Average G-factors RMS: -0.107333 +/- 0.0287441 For 30 values.
Average bad contacts RMS: 17.5 +/- 2.53969 For 30 values. - Overall G-Factor:
Average G-factors RMS: -0.107333 +/- 0.0287441 For 30 values. - %Residues in most favorable region of Ramachandran plot
Average rama RMS: 83.5167 +/- 2.5297 For 30 values. - Number of bad contacts/100 residues
Average bad contacts RMS: 17.5 +/- 2.53969 For 30 values.
- Number needs to be scaled to 100 residues. Multiply by 100/number of residues.
- Number needs to be scaled to 100 residues. Multiply by 100/number of residues.

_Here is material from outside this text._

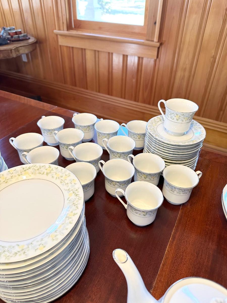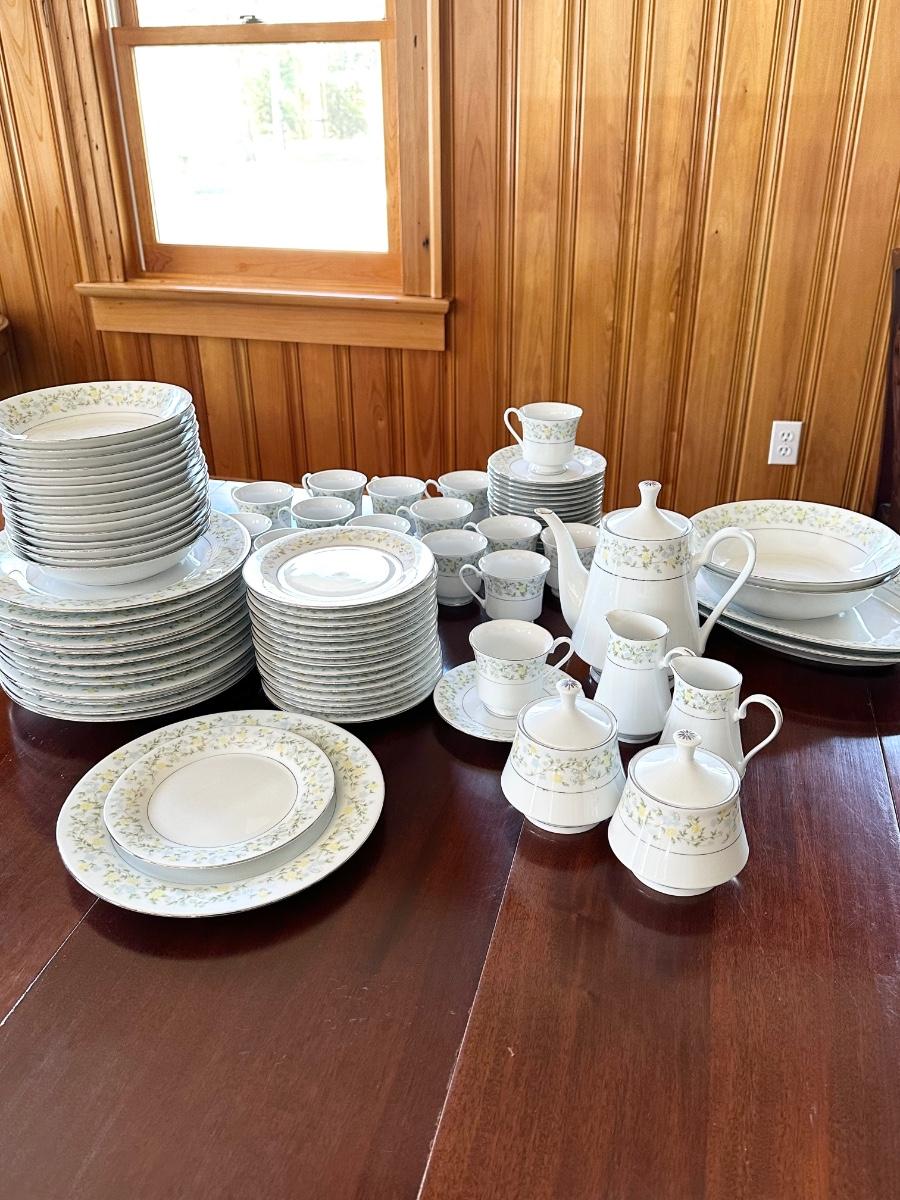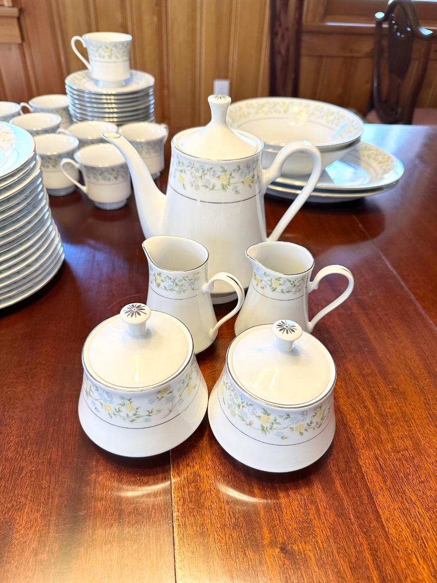69 Pieces include ~ 12 of the following ~ Dinner Plates, Bowls, Salad Plates, cups and matching saucers: Includes 1 Coffee/Tea Pot, 2 creamers and 2 sugar bowls ~ 2 platters and 2 Veg bowls (see photos), no chips ~ has extras

- Calculate averages and standard deviations using awk script PRO_AVE_2.nawk
awk -f PRO_AVE_2.nawk *dg*.out
- *dg*.out is the list of procheck output *.out files for each of the 30 Best Structures
- Make sure the wild-card form only selects for the correct 30 structures
- Typical output:
Average hbond RMS: 1.04333 +/- 0.0558768 For 30 values. - The above result is the H-bond energy
Atomic RMS Differences
- Use the rmsdiff.inp and rmsdiff_sec.inp XPLOR scripts
- Repeat the calculates twice, once with the average structure (SA) as the reference structure and the other time with the restrained minimized average structures (SA)r as the reference structure
- Evaluate ($1 = "reference structure name")
- Include the 30 best structures, the average structure and the restrained minimized average structure names in the for loop
- Exclude regions of poorly defined structure in the select statments for both the fit and rms calculations
- Only include regions of α-helix and/or β-sheets in the rmsdiff_sec.inp for both the fit and rms calculations
- Use the awk script average.nawk to calculate the average and standard deviation of the 30 Best Structures
awk –f average.nawk back_all.rms
- rmsd for backbone atoms
- back_sec.rms output file for rmsdiff_sec.inp file
- Make sure only the 30 Best Structures are list in file
- Need to delete results for average and restrained minimized average structure from back_all.rms
- Make backup first
- Record (SA)r vs SA rmsd values before deleting
- Typical output:
Average RMS: 0.408533 +/- 0.056732 For 30 values.
- Use average.nawk awk script
awk –f average.nawk all_all.rms
- rmsd for all atoms
- all_sec.rms output file for rmsdiff_sec.inp file
- Make sure only the 30 Best Structures are listed in file
- Need to delete results for average and restrained minimized average structure
- Make backup first
- Record (SA)r vs SA rmsd values before deleting
- Typical output
Average RMS: 1.00183 +/- 0.0711051 For 30 values.